Let's get started! Run the cell below.

In [None]:
from datascience import *
import numpy as np
import math

## Text
Programming doesn't just concern numbers. Text is one of the most common data types used in programs. 

Text is represented by a **string value** in Python. The word "string" is a programming term for a sequence of characters. A string might contain a single character, a word, a sentence, or a whole book.

To distinguish text data from actual code, we demarcate strings by putting quotation marks around them. Single quotes (`'`) and double quotes (`"`) are both valid, but the types of opening and closing quotation marks must match. The contents can be any sequence of characters, including numbers and symbols. 

We've seen strings before in `print` statements.  Below, two different strings are passed as arguments to the `print` function.

In [None]:
print("I <3", 'Data Science')

Just as names can be given to numbers, names can be given to string values.  The names and strings aren't required to be similar in any way. Any name can be assigned to any string.

In [None]:
one = 'two'
plus = '*'
print(one, plus, one)

**Question 1.** Yuri Gagarin was the first person to travel through outer space.  When he emerged from his capsule upon landing on Earth, he [reportedly](https://en.wikiquote.org/wiki/Yuri_Gagarin) had the following conversation with a woman and girl who saw the landing:

    The woman asked: "Can it be that you have come from outer space?"
    Gagarin replied: "As a matter of fact, I have!"

The cell below contains unfinished code.  Fill in the `...`s so that it prints out this conversation **exactly** as it appears above.

In [None]:
woman_asking = ...
woman_quote = '"Can it be that you have come from outer space?"'
gagarin_reply = 'Gagarin replied:'
gagarin_quote = ...

print(woman_asking, woman_quote)
print(gagarin_reply, gagarin_quote)

In [None]:
grader.check("q1")

## String Methods

Strings can be transformed using **methods**. Recall that methods and functions are not technically the same thing, but we'll be using them interchangeably for the purposes of this course.

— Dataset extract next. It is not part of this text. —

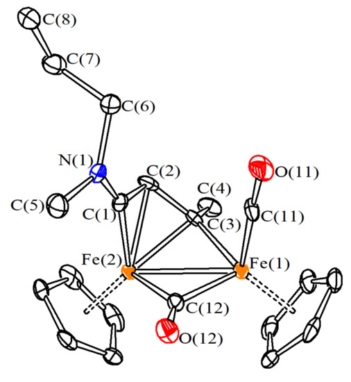 - Albano, V.G.; Busetto, L.; Monari, M.; Zanotti, V. Reactions of acetonitrile di-iron μ-aminocarbyne complexes; synthesis and structure of [Fe2(μ-CNMe2)(μ-H)(CO)2(Cp)2]. J. Organomet. Chem. 2000, 606, 163–168. [Google Scholar] [CrossRef]

Here's a sketch of how to call methods on a string:

    <expression that evaluates to a string>.<method name>(<argument>, <argument>, ...)
    
One example of a string method is `replace`, which replaces all instances of some part of the original string (or a *substring*) with a new string. 

    <original string>.replace(<old substring>, <new substring>)
    
`replace` returns (evaluates to) a new string, leaving the original string unchanged.
    
Try to predict the output of this example, then run the cell.

In [None]:
# Replace one letter
bean = 'bean'
print(bean.replace('a', 'e'), bean)

You can also replace multiple letters.

Try to predict the output of this example, then run the cell.

In [None]:
# Replace multiple letters
pair = 'pair'
print(pair.replace('ir', 're'), pair)

You can call functions on the results of other functions.  For example, `max(abs(-5), abs(3))` evaluates to 5.  Similarly, you can call methods on the results of other method or function calls.

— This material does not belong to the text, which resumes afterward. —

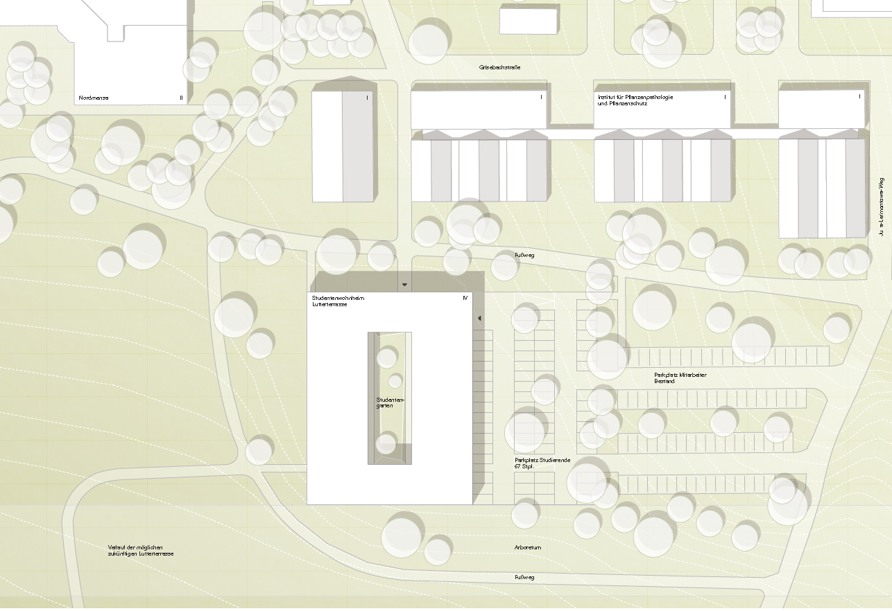 Das Studentenwerk Göttingen plante im Nord Bereich der Universität Göttingen den Neubau eines Studierenden-Wohnheims für ca. 200 Bewohner in Einzelappartements (≤ 19m²) mit Pantry und Nasszelle. Das Grundstück hat eine Größe von 4.467 m², weist eine leichte Hanglage mit unverbaubarem Blick auf das Luttertal auf.

You may have already noticed one difference between functions and methods - a function like `max` does not require a `.` before it's called, but a string method like `replace` does. Here's a handy [Python reference](http://data8.org/sp20/python-reference.html) on the Data 8 website. It's a good idea to refer to this whenever you're unsure of how to call a function or method.

In [None]:
# Calling replace on the output of another call to replace
'train'.replace('t', 'ing').replace('in', 'de')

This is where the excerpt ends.